Your objective: Look through the listing below and write out exactly the lines from the line with "Struve olulisim vaatluspunkt" to the line with "TINDARI OUTDOOR ANTONIO", both included, and no others.
*** Exercise input
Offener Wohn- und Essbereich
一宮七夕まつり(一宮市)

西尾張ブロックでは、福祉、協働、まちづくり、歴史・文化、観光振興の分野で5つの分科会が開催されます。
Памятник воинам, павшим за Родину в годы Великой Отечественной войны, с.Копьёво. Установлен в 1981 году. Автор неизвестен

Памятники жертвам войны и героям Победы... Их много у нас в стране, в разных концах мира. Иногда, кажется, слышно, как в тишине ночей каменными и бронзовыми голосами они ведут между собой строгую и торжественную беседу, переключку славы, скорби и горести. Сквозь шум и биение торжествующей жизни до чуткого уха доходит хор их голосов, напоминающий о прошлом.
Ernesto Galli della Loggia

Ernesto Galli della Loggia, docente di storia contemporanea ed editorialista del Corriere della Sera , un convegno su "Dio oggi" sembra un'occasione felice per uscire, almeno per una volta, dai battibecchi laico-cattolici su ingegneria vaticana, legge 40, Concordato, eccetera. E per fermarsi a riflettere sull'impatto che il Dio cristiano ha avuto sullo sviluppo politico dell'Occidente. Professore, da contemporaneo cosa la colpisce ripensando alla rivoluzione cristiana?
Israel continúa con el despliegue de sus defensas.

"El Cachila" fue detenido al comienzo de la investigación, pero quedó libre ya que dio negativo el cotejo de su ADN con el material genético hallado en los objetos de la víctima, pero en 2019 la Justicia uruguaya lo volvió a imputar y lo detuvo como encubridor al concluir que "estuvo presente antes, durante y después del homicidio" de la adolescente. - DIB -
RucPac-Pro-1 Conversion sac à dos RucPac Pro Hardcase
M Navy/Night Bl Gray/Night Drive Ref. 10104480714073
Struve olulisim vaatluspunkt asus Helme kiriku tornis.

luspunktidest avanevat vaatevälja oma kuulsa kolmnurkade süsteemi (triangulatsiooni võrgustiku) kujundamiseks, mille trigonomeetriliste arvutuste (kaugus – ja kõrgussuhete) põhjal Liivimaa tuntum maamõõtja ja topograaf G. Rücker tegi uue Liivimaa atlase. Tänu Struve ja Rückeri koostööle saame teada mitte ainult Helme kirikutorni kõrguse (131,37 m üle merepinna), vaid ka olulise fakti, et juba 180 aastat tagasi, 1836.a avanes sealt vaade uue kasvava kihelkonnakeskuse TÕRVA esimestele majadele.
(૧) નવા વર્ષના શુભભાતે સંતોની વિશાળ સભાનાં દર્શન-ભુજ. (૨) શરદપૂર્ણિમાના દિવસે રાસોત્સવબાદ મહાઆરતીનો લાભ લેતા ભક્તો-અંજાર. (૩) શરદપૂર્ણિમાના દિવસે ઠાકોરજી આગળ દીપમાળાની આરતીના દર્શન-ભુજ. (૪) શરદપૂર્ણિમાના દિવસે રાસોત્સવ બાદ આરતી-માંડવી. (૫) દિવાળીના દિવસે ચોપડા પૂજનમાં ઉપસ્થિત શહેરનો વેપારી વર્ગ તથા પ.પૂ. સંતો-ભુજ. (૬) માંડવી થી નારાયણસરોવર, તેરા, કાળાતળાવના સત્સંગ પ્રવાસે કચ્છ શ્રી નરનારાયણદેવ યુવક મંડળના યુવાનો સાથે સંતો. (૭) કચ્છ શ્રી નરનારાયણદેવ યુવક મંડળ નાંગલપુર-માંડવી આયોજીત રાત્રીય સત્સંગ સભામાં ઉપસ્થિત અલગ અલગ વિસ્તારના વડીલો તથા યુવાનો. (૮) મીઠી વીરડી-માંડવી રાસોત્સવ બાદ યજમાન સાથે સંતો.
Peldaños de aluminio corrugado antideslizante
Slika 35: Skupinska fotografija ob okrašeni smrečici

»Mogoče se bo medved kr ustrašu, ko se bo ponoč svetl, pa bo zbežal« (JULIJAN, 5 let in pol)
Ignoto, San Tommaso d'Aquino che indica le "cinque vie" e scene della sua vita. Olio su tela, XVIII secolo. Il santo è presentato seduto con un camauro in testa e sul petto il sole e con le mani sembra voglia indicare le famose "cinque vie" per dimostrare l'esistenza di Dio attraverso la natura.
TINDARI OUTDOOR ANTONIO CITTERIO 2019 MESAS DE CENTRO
******
*** Exercise input
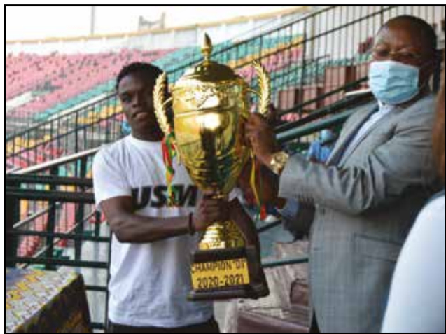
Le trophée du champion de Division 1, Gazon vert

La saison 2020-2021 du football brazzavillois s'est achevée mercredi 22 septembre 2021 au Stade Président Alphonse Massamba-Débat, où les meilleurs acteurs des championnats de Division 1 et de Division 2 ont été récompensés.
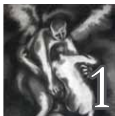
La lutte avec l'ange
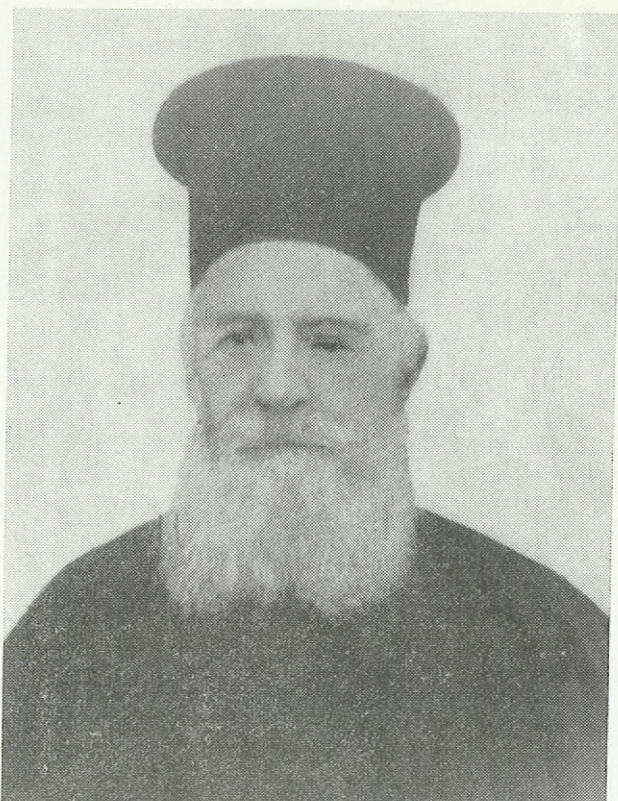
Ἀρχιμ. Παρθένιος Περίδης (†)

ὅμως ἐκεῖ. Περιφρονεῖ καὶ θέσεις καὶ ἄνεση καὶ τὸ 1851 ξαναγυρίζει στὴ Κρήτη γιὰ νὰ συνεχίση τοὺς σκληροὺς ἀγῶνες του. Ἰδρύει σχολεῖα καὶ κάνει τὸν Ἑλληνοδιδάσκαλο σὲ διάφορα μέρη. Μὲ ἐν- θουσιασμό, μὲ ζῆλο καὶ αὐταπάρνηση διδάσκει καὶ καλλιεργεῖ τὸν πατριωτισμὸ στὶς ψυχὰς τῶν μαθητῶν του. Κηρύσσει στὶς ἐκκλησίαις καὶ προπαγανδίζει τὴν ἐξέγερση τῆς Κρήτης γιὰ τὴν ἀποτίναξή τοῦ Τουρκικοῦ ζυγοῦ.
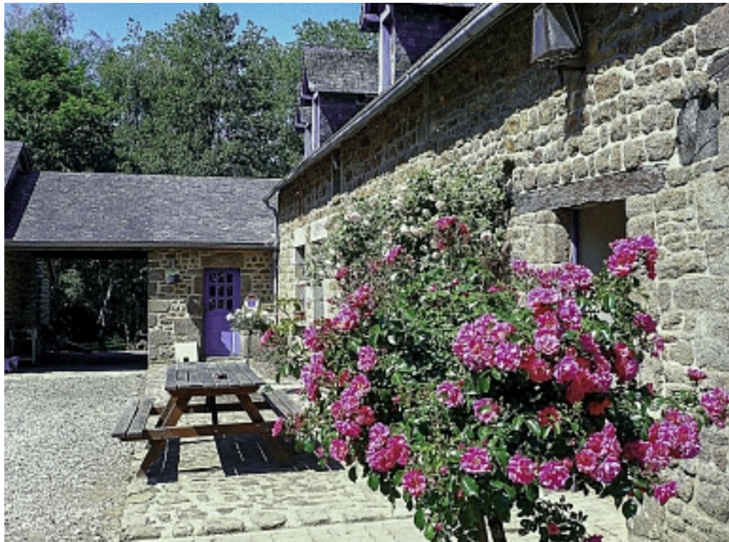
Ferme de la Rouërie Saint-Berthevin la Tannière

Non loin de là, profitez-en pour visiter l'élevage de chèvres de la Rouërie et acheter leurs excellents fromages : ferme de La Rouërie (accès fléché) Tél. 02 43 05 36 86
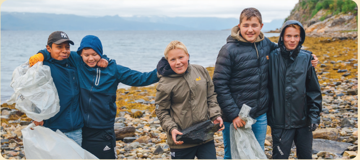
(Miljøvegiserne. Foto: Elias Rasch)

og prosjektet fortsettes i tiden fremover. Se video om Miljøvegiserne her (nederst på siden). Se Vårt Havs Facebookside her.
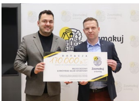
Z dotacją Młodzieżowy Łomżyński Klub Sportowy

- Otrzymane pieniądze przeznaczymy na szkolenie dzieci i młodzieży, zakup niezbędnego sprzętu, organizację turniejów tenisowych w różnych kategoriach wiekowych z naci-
******
Exercise response:
Struve olulisim vaatluspunkt asus Helme kiriku tornis.

luspunktidest avanevat vaatevälja oma kuulsa kolmnurkade süsteemi (triangulatsiooni võrgustiku) kujundamiseks, mille trigonomeetriliste arvutuste (kaugus – ja kõrgussuhete) põhjal Liivimaa tuntum maamõõtja ja topograaf G. Rücker tegi uue Liivimaa atlase. Tänu Struve ja Rückeri koostööle saame teada mitte ainult Helme kirikutorni kõrguse (131,37 m üle merepinna), vaid ka olulise fakti, et juba 180 aastat tagasi, 1836.a avanes sealt vaade uue kasvava kihelkonnakeskuse TÕRVA esimestele majadele.
(૧) નવા વર્ષના શુભભાતે સંતોની વિશાળ સભાનાં દર્શન-ભુજ. (૨) શરદપૂર્ણિમાના દિવસે રાસોત્સવબાદ મહાઆરતીનો લાભ લેતા ભક્તો-અંજાર. (૩) શરદપૂર્ણિમાના દિવસે ઠાકોરજી આગળ દીપમાળાની આરતીના દર્શન-ભુજ. (૪) શરદપૂર્ણિમાના દિવસે રાસોત્સવ બાદ આરતી-માંડવી. (૫) દિવાળીના દિવસે ચોપડા પૂજનમાં ઉપસ્થિત શહેરનો વેપારી વર્ગ તથા પ.પૂ. સંતો-ભુજ. (૬) માંડવી થી નારાયણસરોવર, તેરા, કાળાતળાવના સત્સંગ પ્રવાસે કચ્છ શ્રી નરનારાયણદેવ યુવક મંડળના યુવાનો સાથે સંતો. (૭) કચ્છ શ્રી નરનારાયણદેવ યુવક મંડળ નાંગલપુર-માંડવી આયોજીત રાત્રીય સત્સંગ સભામાં ઉપસ્થિત અલગ અલગ વિસ્તારના વડીલો તથા યુવાનો. (૮) મીઠી વીરડી-માંડવી રાસોત્સવ બાદ યજમાન સાથે સંતો.
Peldaños de aluminio corrugado antideslizante
Slika 35: Skupinska fotografija ob okrašeni smrečici

»Mogoče se bo medved kr ustrašu, ko se bo ponoč svetl, pa bo zbežal« (JULIJAN, 5 let in pol)
Ignoto, San Tommaso d'Aquino che indica le "cinque vie" e scene della sua vita. Olio su tela, XVIII secolo. Il santo è presentato seduto con un camauro in testa e sul petto il sole e con le mani sembra voglia indicare le famose "cinque vie" per dimostrare l'esistenza di Dio attraverso la natura.
TINDARI OUTDOOR ANTONIO CITTERIO 2019 MESAS DE CENTRO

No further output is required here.